I kept hoping to have some stability in my health so I could take a break from the intensity of my healing trajectory. But the roller coaster of my Perelandra studies careened on, and I felt it would be unsafe for me to simply jump off. I whined, I complained, but until I stated clearly and with solid intent, I didn't get my so-called "break." It's the old lesson I almost learned in my first job as a waitress: You don't get a break, you take one.

I knew I couldn't just stop working directly with nature because my health was still not stable, so I stated that I would not be delving into the details of new health work. I would continue using any processes I had already used, and use MAP as needed, but I wanted to put the health-related co-creative science projects to rest for an indefinite period. I felt I was bailing out or reneging in some way. I thought nature might be let down by my redirected focus. I felt guilty, having committed to co-creative science, but I had to make this move in order to survive and eventually carry on. Yet whenever I asked for help, usually in an emergency medical situation, they were there, as ready and willing and capable as ever to help me out.

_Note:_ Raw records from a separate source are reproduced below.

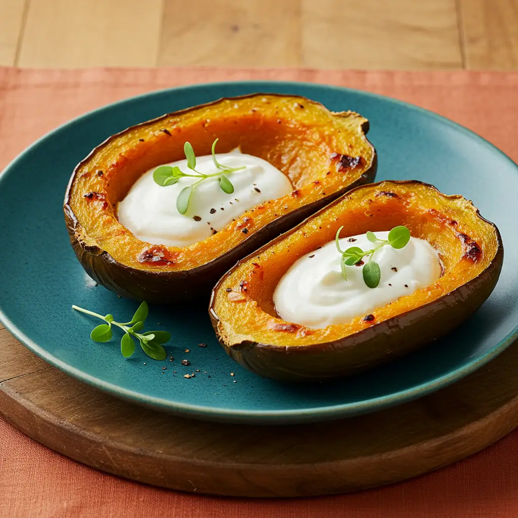 Abóbora assada com um toque de especiarias, macia e saborosa, acompanhada de um delicioso molho cremoso de iogurte e tahine. Uma receita simples e perfeita para um jantar especial.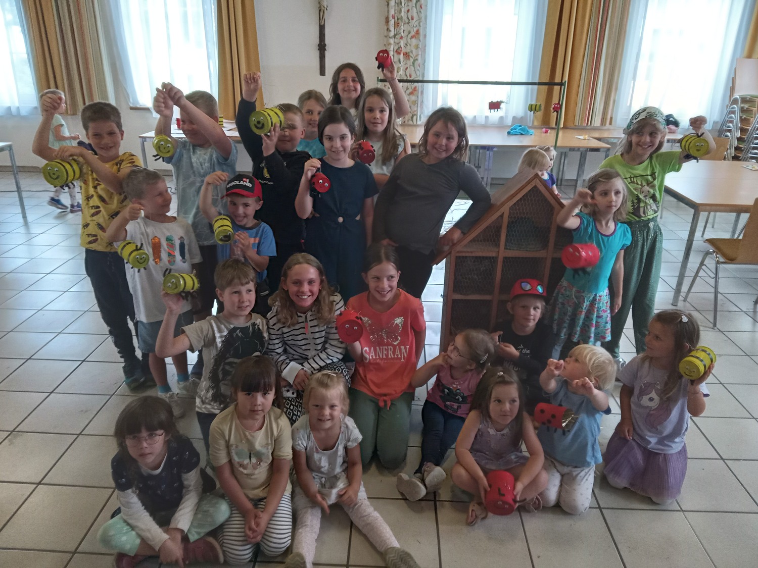 Am 3. Juli hielten Bienen und Marienkäfer Einzug im Pfarrheim. Beim heurigen Kinderferienspiel bastelten wir aus leeren Dosen kleine Insektenhotels in Form von Bienen und Marienkäfern. Konrad Gruber war so nett und baute uns ein großen Insektenhotel aus Holz für den Pfarrgarten. Dieses befüllten wir dann mit verschiedenen Materialien wie Heu, Zapfen und Kräutermulch. Zum Schluss gab es zur Stärkung noch einen Ameisenkuchen und einen Bienenkuchen. Wir freuen uns sehr, dass auch heuer wieder so viele Kinder mitgemacht haben.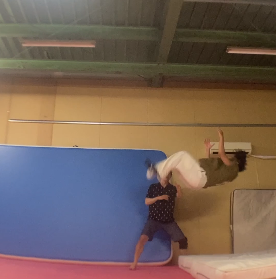 生徒さんの成長に併せ、ヘリコプテイロ・ゲイナー・サイドフリップなどのスタイリッシュな技にもチャレンジしていきます。(ダンス・パルクール・トリッキングに対応)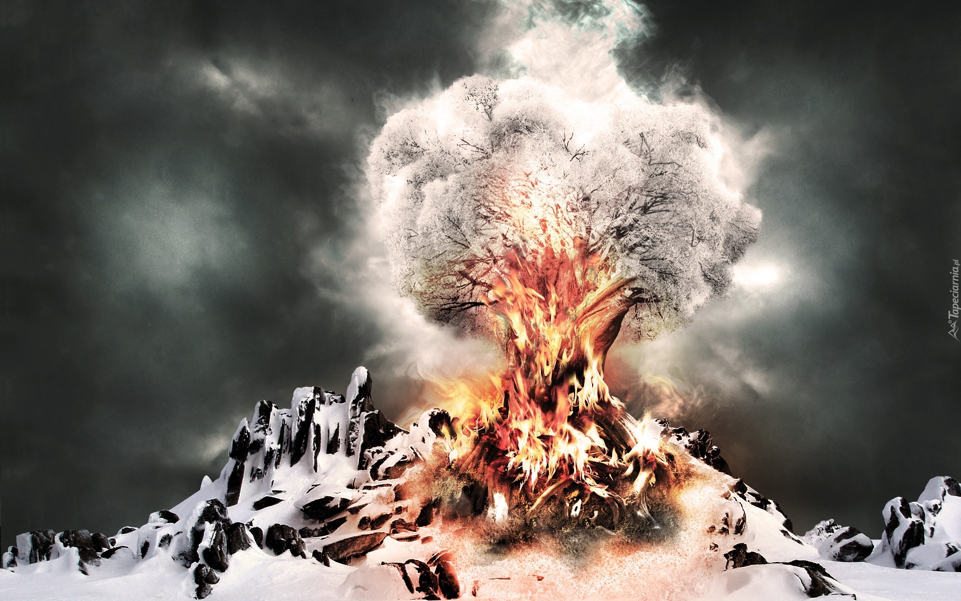 Edytor tapety: Ogniste, Drzewo, Skały, Śnieg
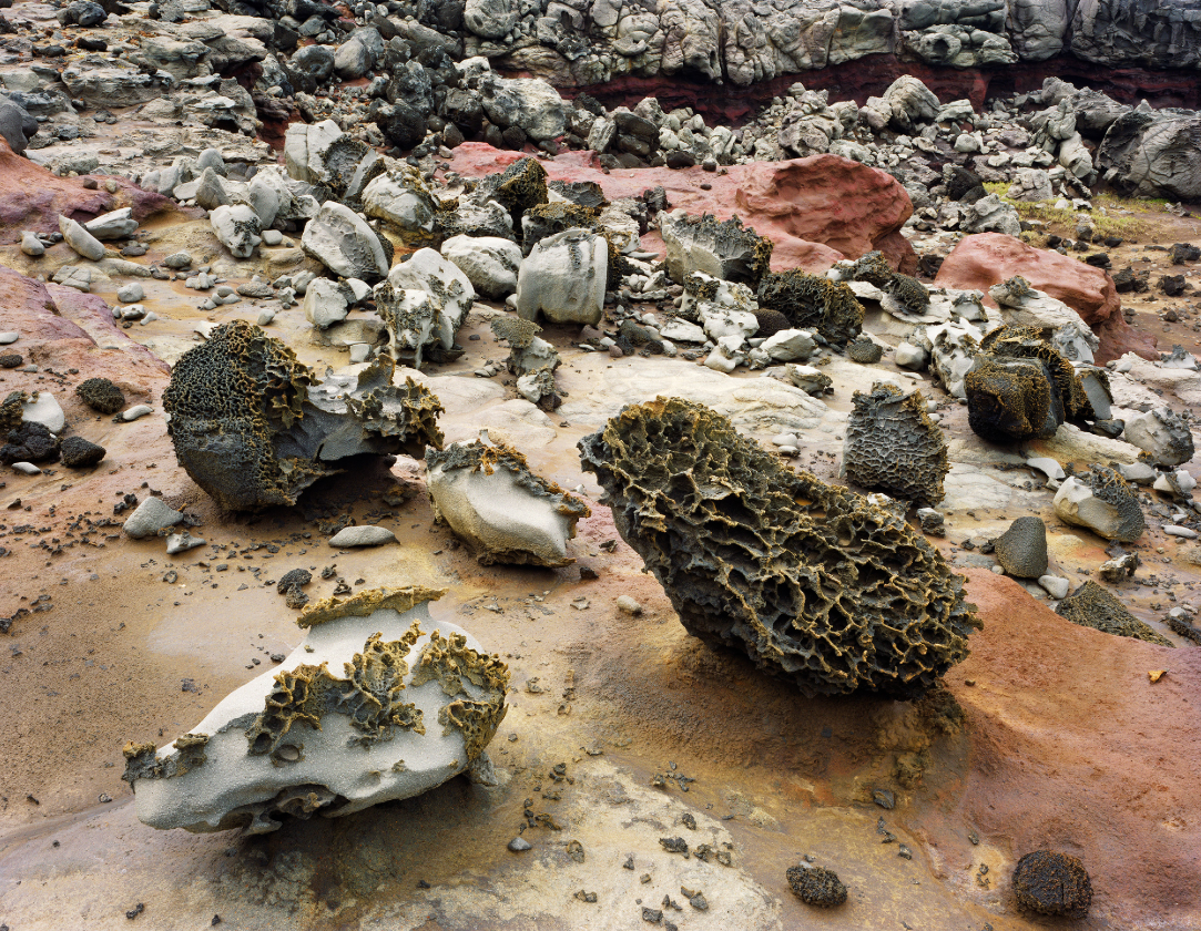 폴의 사진 속 모든 영역은 동등하게 중요합니다. 풍경 사진 속 광학적 민주주의(Optical democracy). 대부분 평면적인 빛은 하이라이트나 섀도우가 우리의 시선을 바로 사로잡지 않도록 한다. 피사체에는 대비가 있을지 몰라도, 빛에는 그렇지 않다. 빛은 그저… 있는 그대로이다. 폴은 대형 시트 필름, 긴 노출 시간, 작은 조리개를 사용하여 무한한 피사계 심도를 표현하고, 초점은 이미지의 모든 곳에서 선명하다.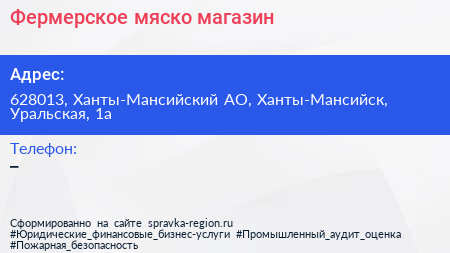 Фермерское мяско, магазин по адресу 628013, Ханты-Мансийский АО, Ханты-Мансийск, Уральская, 1а в дальнейшем Организация, размещена в следующих категориях: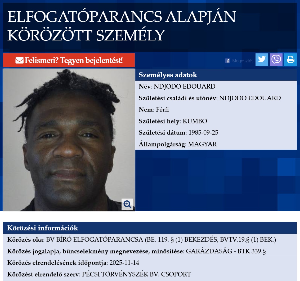 Elfogatóparancsot adtak ki Edouard Ndjodo, a Siófok és a Ferencváros egykori légiósával szemben garázdaság miatt. A korábbi támadó a pályafutása alatt több alkalommal is összetűzésbe került a játékostársaival, sőt szurkolókkal is – írja a Blikk nyomán az Index.

I started to settle in with my new redirected agenda and things started to fall mysteriously into place. I checked in with my team and was informed that nature didn't consider my redirection a sway from co-creative science at all. Rather, they considered it part of my lesson plan. I was being totally supported in my new focus and taught how to integrate what I had learned in my first year of studies.

So now my life looks different. More balanced in many ways, although I still haven't got the foggiest notion how to schedule everything into a week. I am still doing what healing work I require. I still see my health care practitioners, but not as frequently as before. I even required some more microbial balancing, after not needing any for a few months. But it is so much easier now. When I look back to a year ago when I was just learning the MBP, I shudder at how difficult it was and how sick I felt.

The health work has been a full-time job. Then I finally started to understand: That this is a partnership and I have some responsibility to set some of the boundaries. I could make the decisions I have knowledge and insight about, and ask the teams for support and assistance when I am beyond my capacity. I could work with nature as a partner now. My relationship with nature evolves as we get to know and understand one another better. Whenever I doubt them or myself, I am given the evidence I need to continue on. When I make a mistake because I am working hard but just don't get it, I have a difficult lesson, but I also get bailed out when I am in big trouble. The point is, with nature work, you can learn the easy way or you can learn the hard way, but if you persist, you will learn.